Labour’s confusion and incoherence in response to the EU referendum, eight months ago, has given the Conservatives a free ride.

It must not go on. Labour’s starting point should be to accept the referendum decision for what it was, and not for what it was not.

It was a narrow but clear vote to leave the EU. It was not a vote about how we should leave, or about what the UK’s new relationship with the EU should be.

From the Prime Minister’s speech last October at the Conservative Party conference she and her media cheerleaders have tried to bully the rest of us into accepting that their approach to Brexit is what people voted for last June.

She asserts that no alternative can be contemplated.

At a difficult time she has behaved divisively rather than as a national leader, for example by seeking a common approach across Parliament.

Unfortunately Labour’s lack of any clear alternative has allowed her unfounded claim to become accepted.

It is beyond time for Labour to submit the Government’s approach to detailed and rigorous scrutiny, to challenge them at every turn and, most important of all, to put forward the realistic alternative which Labour would be following were it in government today.

Labour should not be colluding with government proposals, or even simply opposing from time to time. Labour has to make its own compelling case for the future. It must lead the national debate not follow it.

The Government’s approach is easy to summarise. It believes that, in order to try and reduce immigration from the EU, the UK should leave the single market and the customs union, accepting whatever economic and constitutional damage that causes.

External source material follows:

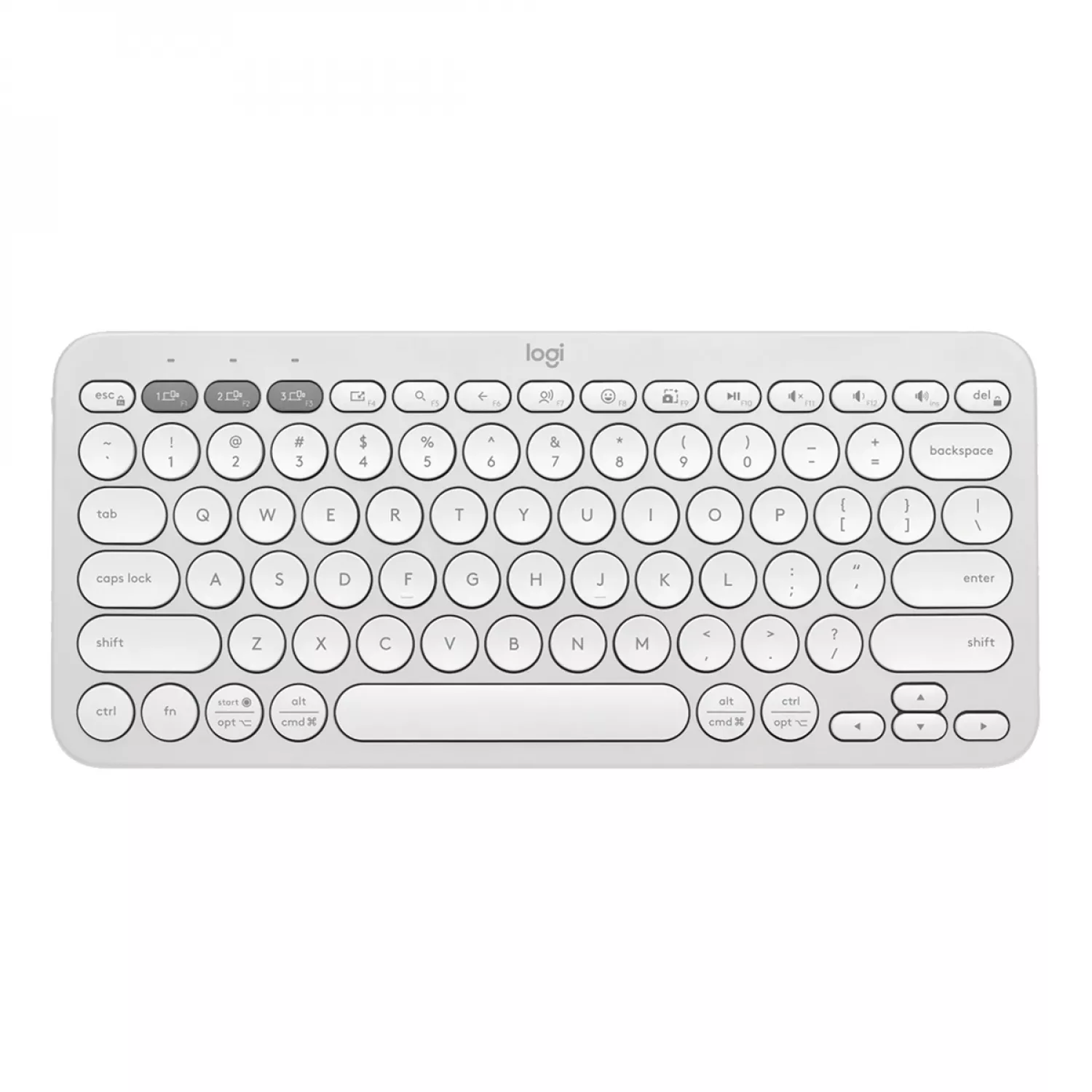 PEBBLE KEYS 2 K380S, COMPACT, LOW-PROFILE, FN KEYS, MULTI-DEVICE, QUIET TYPING, 2XAAA, BT/2.4GHZ, EN, WHITE. |

Whatever their attitudes to immigration, the British people never voted for such an economically suicidal approach which threatens the constitutional integrity of our country.

Despite important differences of opinion, notably around immigration, Labour is in a much better position to put forward an agreed alternative Brexit strategy than many seem to think. And Labour’s victory in Stoke should reduce fears that UKIP is an existential threat to Labour.

We have more in common than divides us: the UK should remain part of both the European single market and the customs union; we should remain part of the European scientific and research networks; we should retain co-operation in security and European external policy; we would be happy to dump the Common Agricultural and Common Fisheries Policies.

On the vexed and tricky matter of immigration, there is general agreement that EU citizens should be able to come to the UK if they have a place to study or a confirmed job, particularly in the farms and factories which need the workers.

This should be Labour’s independent Brexit strategy. Labour should not be frustrating the referendum decision but nor should it be assisting the government’s highly divisive and damaging version of Brexit.

Such a Labour approach would be in the national interest. It would gain support from outside Labour ranks and would honour the outcome of the referendum more faithfully than the Government’s current approach.

It would better reflect the overall views of the population.

Such a strategy would also be far more likely to secure orderly agreement with the other EU member states. The government’s proposals are getting little support, or even understanding, from our negotiating partners.

And finally Labour would not need to resort to Theresa May and Philip Hammond’s incredible threat to impose Singapore-style economic reforms which could never be implemented in this 
country.

So on any reasonable assessment, such a Labour Brexit strategy would be superior 
to the government proposals and would better implement the decision of the referendum.

The incoherence and riskiness of the Government’s approach has led them to try and avoid all parliamentary approval of their approach.

The Supreme Court predictably forced them to legislate before sending the Article 50 letter.

That Supreme Court decision is likely also to mean that new legislation will be needed after the negotiations are complete in order to authorise any final agreement between the UK and the EU, or indeed to withdraw from the EU if there is no agreement.

So the despatch of the Article 50 letter will by no means end parliamentary engagement with the Brexit process.

Labour must vigorously press its approach at all stages, including throughout the negotiations – there will be a running commentary despite the Government’s desire for secrecy – and through the final legislation.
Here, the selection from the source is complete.